• **Assignment**: Nothing outside the range is to be copied. From the entries below, reproduce exactly the lines starting at the one with "果麦文化传媒股份有限公司董事长路金波接受开云手机网页版登录入口颁发的捐赠证书" and ending at the one with "期刊、报纸、会议、辑刊的作者", without pictures.

• **Stored data**:
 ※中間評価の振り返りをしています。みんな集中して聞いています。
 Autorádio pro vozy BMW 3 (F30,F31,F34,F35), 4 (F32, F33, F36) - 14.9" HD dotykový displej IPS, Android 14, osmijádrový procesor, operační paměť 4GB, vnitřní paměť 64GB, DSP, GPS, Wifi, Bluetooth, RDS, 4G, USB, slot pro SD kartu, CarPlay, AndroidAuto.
...
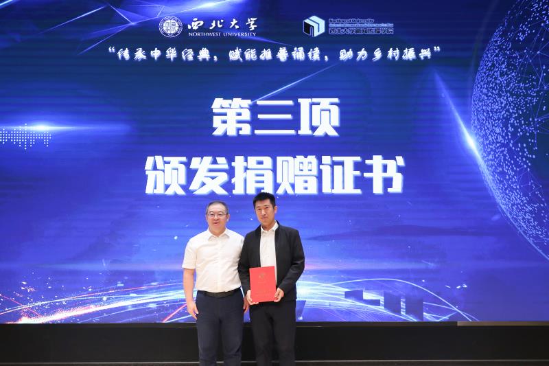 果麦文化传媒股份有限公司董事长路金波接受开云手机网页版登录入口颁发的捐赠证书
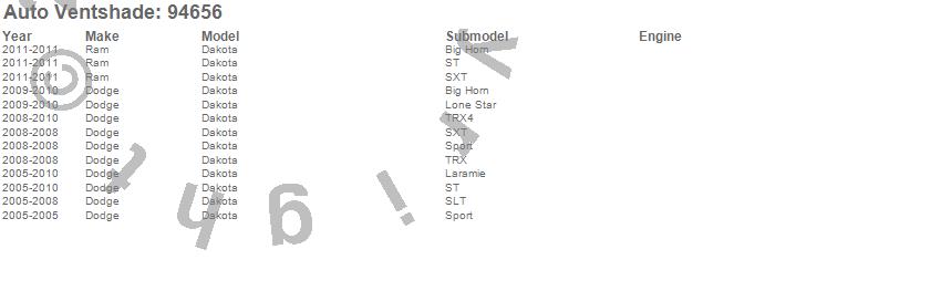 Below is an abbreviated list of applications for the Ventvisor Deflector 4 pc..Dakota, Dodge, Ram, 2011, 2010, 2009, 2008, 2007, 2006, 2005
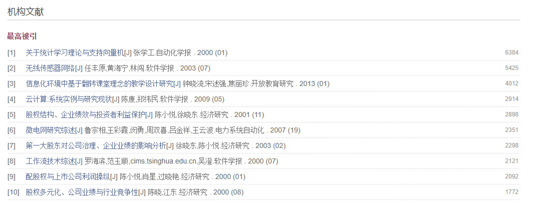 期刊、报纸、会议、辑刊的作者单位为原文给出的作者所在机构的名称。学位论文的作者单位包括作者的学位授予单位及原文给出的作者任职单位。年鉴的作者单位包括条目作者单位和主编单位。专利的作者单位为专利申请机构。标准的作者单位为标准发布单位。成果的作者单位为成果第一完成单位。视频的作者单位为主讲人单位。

• **Problem solution**:
 果麦文化传媒股份有限公司董事长路金波接受开云手机网页版登录入口颁发的捐赠证书
 Below is an abbreviated list of applications for the Ventvisor Deflector 4 pc..Dakota, Dodge, Ram, 2011, 2010, 2009, 2008, 2007, 2006, 2005
 期刊、报纸、会议、辑刊的作者单位为原文给出的作者所在机构的名称。学位论文的作者单位包括作者的学位授予单位及原文给出的作者任职单位。年鉴的作者单位包括条目作者单位和主编单位。专利的作者单位为专利申请机构。标准的作者单位为标准发布单位。成果的作者单位为成果第一完成单位。视频的作者单位为主讲人单位。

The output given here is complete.